The image above is an example what this table might look like.
RPM IgnCorr (Driveshaft or Engine RPM Target Error Ignition Correction)
Under ECU Navigator>Torque Management select DS RPM IgnCorr
This is the ignition timing correction to be applied based on the Driveshaft or Engine RPM. It is highly recommended that at least one axis of these tables is the Controlled Variable RPM. Popular choices for the other axis include: Race Time, Gear and Engine RPM. Alternatively, you can just disable the second axis. It’s important to note that Torque Management can never advance ignition timing overall, even if individual tables indicate that ignition advance is desired. An example of this is, if the timed ignition correction says to retard 4 degrees, but the RPM is below it’s target. In this case, the Target Error Ignition Correction might override the Timed Ignition Correction, but it still can’t cause an overall advance.
The image above is an example what this table might look like.
Height IgnCorr (Height Ignition Correction)

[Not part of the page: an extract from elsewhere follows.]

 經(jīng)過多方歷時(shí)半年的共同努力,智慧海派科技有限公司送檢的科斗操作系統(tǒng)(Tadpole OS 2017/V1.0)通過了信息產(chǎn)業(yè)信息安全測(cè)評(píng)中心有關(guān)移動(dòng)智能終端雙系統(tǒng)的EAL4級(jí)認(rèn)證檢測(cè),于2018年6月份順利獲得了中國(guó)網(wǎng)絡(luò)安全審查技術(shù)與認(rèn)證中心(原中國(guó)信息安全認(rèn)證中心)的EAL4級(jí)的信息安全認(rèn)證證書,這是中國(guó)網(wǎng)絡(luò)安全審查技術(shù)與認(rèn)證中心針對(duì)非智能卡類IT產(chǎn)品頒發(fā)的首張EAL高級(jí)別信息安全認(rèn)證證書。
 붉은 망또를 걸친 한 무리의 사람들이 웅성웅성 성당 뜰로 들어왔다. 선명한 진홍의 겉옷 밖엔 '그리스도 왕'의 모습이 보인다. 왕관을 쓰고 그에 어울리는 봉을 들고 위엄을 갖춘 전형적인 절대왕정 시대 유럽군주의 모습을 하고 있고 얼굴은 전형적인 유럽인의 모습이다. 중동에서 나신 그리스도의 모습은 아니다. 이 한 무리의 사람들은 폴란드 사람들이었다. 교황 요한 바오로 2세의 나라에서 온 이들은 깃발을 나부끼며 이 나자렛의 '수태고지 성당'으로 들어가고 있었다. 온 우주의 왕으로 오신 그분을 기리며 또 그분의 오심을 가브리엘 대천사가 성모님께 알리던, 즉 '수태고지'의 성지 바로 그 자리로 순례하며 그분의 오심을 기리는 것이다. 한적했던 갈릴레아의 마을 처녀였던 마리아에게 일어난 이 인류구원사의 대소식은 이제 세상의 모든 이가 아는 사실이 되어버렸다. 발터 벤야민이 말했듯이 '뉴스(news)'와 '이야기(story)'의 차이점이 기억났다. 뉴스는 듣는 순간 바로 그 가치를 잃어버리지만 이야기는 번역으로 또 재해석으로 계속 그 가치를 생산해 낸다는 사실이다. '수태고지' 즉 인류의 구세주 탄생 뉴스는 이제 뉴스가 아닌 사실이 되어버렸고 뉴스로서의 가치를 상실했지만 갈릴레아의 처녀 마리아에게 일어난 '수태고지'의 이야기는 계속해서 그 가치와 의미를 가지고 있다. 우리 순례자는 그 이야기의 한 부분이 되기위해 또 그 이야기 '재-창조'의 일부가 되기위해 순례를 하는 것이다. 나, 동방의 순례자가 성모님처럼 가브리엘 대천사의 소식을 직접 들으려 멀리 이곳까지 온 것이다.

Under ECU Navigator>Torque Management select Height IgnCorr
The purpose of this table is to cause an ignition retard if the front wheels start lifting off the ground. This is partially for safety and partly to optimise grip. It is used in conjunction with Shock Travel or Ride Height sensors. The image above is an example what this table might roughly look like.
Tuning Tips
It's best if the engine is tuned as well as practical before tuning Torque Management.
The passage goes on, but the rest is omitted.